Massive DDoS Attack Knocks Out Steam, Riot, and Other Services

(TLP: CLEAR) Record-breaking distributed denial-of-service (DDoS) attack disrupted the availability of several major gaming platforms, including Steam, Riot Games, Xbox, PlayStation, and Epic Games. The coordinated strike began just before 11 PM ET and was powered by the Airsuru botnet, has been rumored to have generated an unprecedented 29.69 terabits per second (Tbps) of malicious traffic. This would’ve surpassed the previous global record of 22.2 Tbps if confirmed. By the following day, services across the various platforms had been restored. This event highlights the importance of seeking DDoS Services at an Enterprise level to mitigate Terabits of traffic.
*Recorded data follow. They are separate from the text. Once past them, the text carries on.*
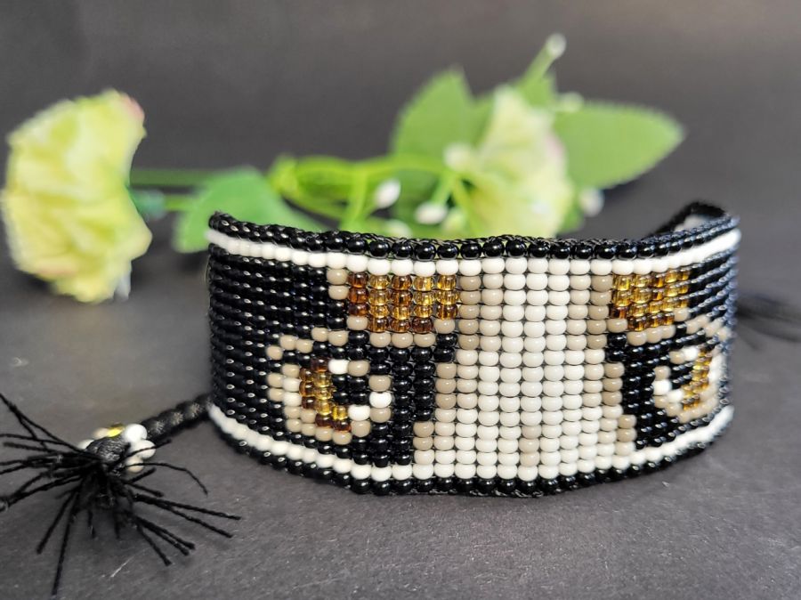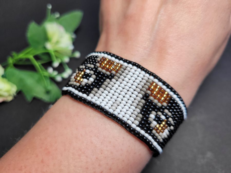 Wlasnoręcznie utkana na krosnie z koralików czeskich Preciosa bransoletka uniseks z oczami Berneńskigo psa pasterskiego.
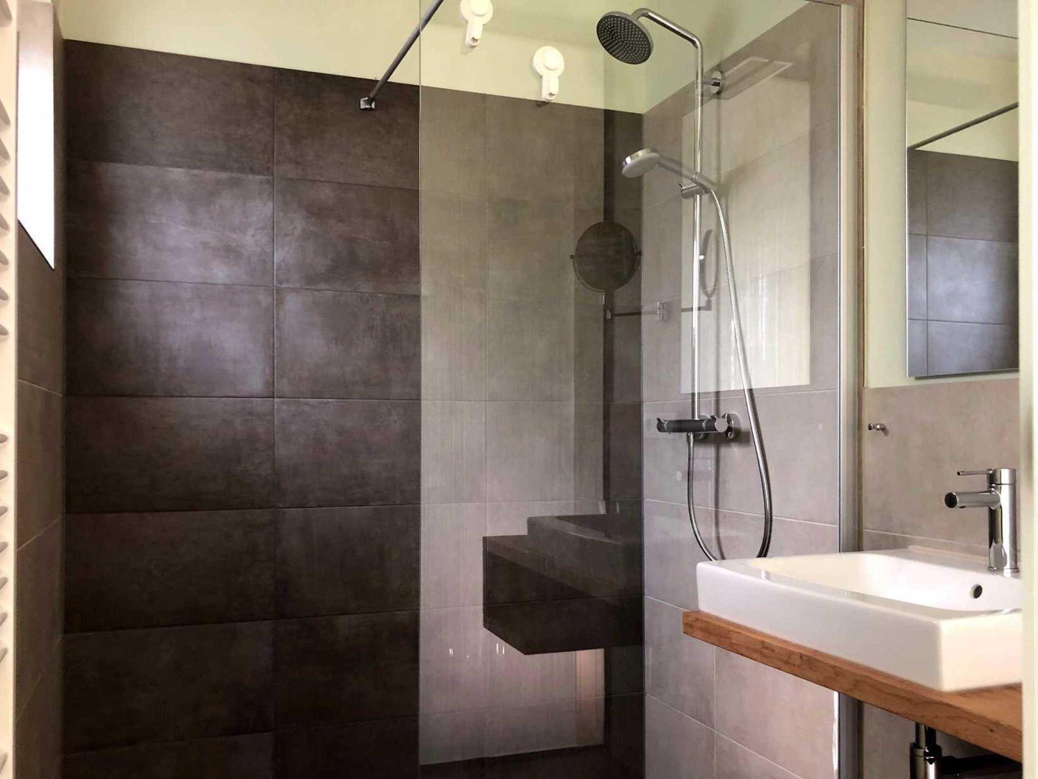 Sanitär: Bademantel, bodenebene Dusche, Föhn, Handtuchheizkörper, Schminkspiegel, Walk-In Dusche.
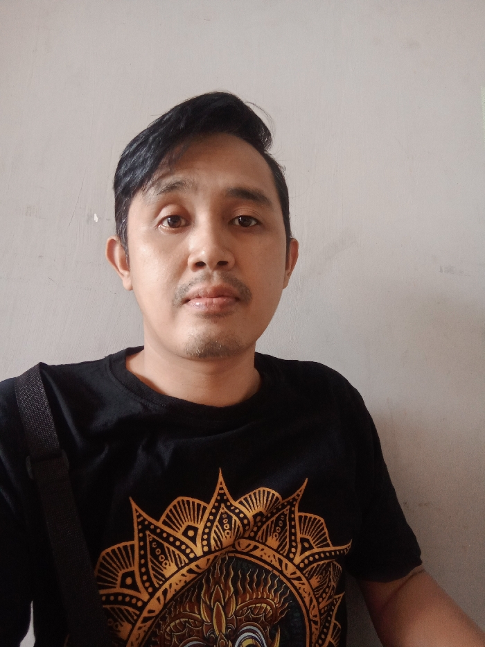 A man poses for a selfie. He is wearing a black t-shirt with a gold mandala-style design. A dark strap is slung over his shoulder. He has short, dark hair styled with a slight wave and a thin mustache. His skin is light-medium tone, and he looks directly at the camera with a neutral expression. The background is a plain, light-colored wall.

(TLP: CLEAR) Comments: Organizations should consider the recent attacks from Airsuru to be a large threat in the realm of DDoS. Their previous attacks have been a blend of protocols, some attacks mainly UDP but, this attack on game platforms highlights TCP as the main protocol. TCP-based attacks are especially dangerous because they exploit the stateful nature of TCP handshakes and session tracking, forcing servers and firewalls to allocate memory and CPU for half-open or malformed connections. Resources that can be exhausted far more quickly than with stateless UDP floods. Unlike UDP, which can often be rate-limited or filtered at the edge, TCP attacks blend into legitimate traffic flows, making them harder to distinguish and allowing them to degrade critical infrastructure with greater precision and persistence. Organizations should seek high availability through providers with enterprise scale capacity to mitigate Terabits of traffic. 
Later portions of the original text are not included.